» WHAT YOU WILL DO: Could you copy word for word only the lines between the one containing "Comprend la location" and the end of the listing below, both included, and leave out the pictures?

■ ■ ■ ■

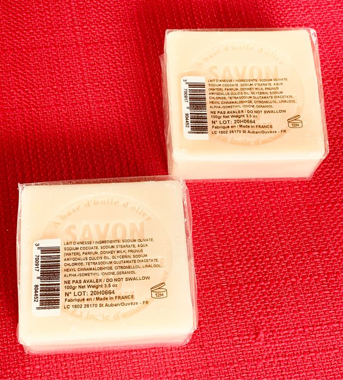 Lot 2 savons de Lait d'Anesse, 1802 Le Chatelard. Made in France Sans huile de palme. 100g chacun il convient aux peaux sensibles comme aux peaux normales. Neuf, encore en blister d’origine ⛔️ Prix FIXES, NON négociables 🚨  👏🏻 Réductions sur les lots 👍🏻 #savon #anesse #lechatelard #jabon #laitdanesse #cc_divers
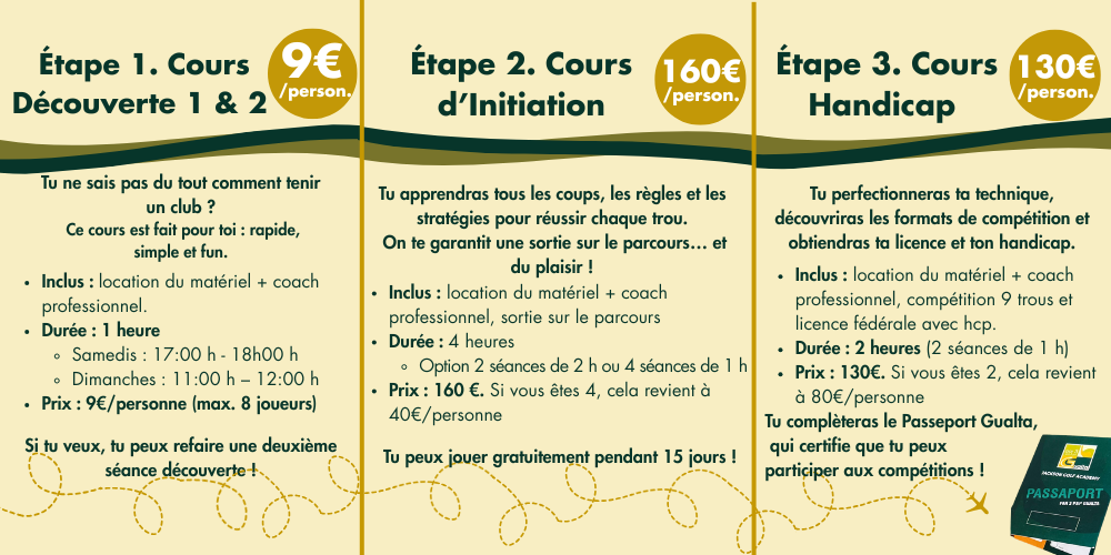 Comprend la location des clubs, balles de practice, sortie sur le parcours avec le professeur et jouer 3 fois gratuitement les 15 jours suivants en conclusion du cours.
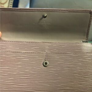 Callouts has black smudge inside under flap. Color is like a dark beige , taupe color. Looks different indifferent lights. Outside of wallet pristine. Corners look good minor wear. Corners inside are tight date code may be worn out but heat stamp vibrant
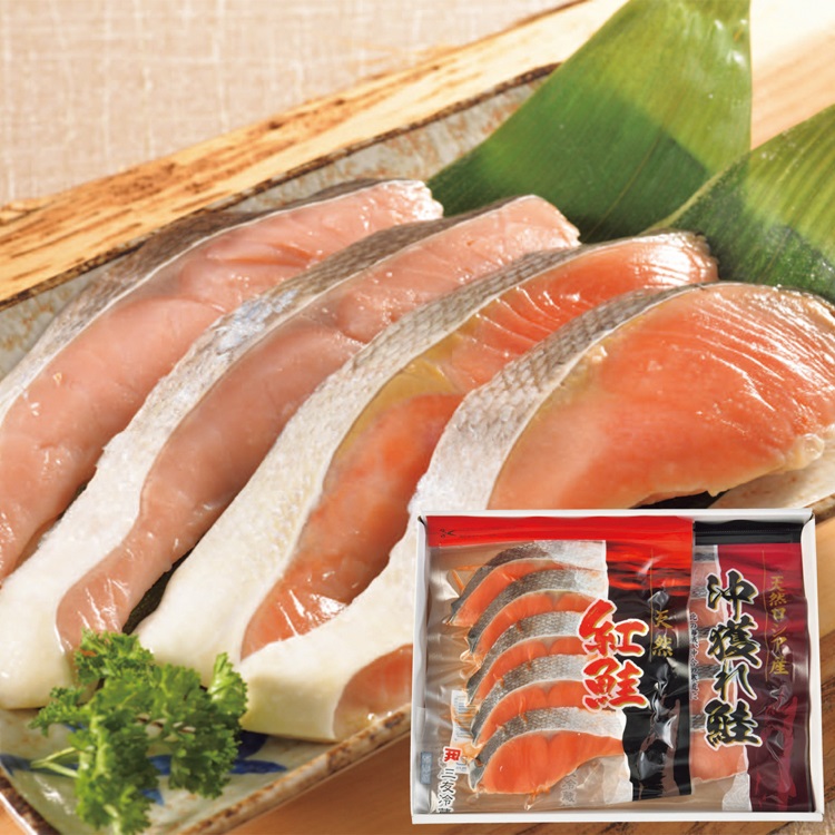 【商品特長】 北洋でとれた紅鮭と沖獲れ鮭の切身セットです。
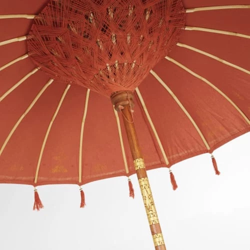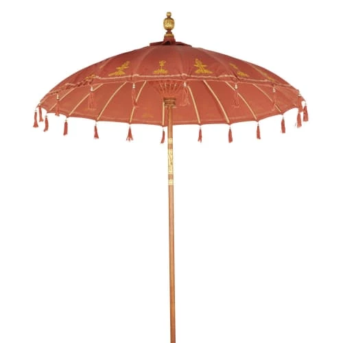 Toile : 100% coton coloris terracotta, motifs dorés

■ ■ ■ ■

» RESULT FOR THIS EXERCISE:
 Comprend la location des clubs, balles de practice, sortie sur le parcours avec le professeur et jouer 3 fois gratuitement les 15 jours suivants en conclusion du cours.
 Callouts has black smudge inside under flap. Color is like a dark beige , taupe color. Looks different indifferent lights. Outside of wallet pristine. Corners look good minor wear. Corners inside are tight date code may be worn out but heat stamp vibrant
 【商品特長】 北洋でとれた紅鮭と沖獲れ鮭の切身セットです。
 Toile : 100% coton coloris terracotta, motifs dorés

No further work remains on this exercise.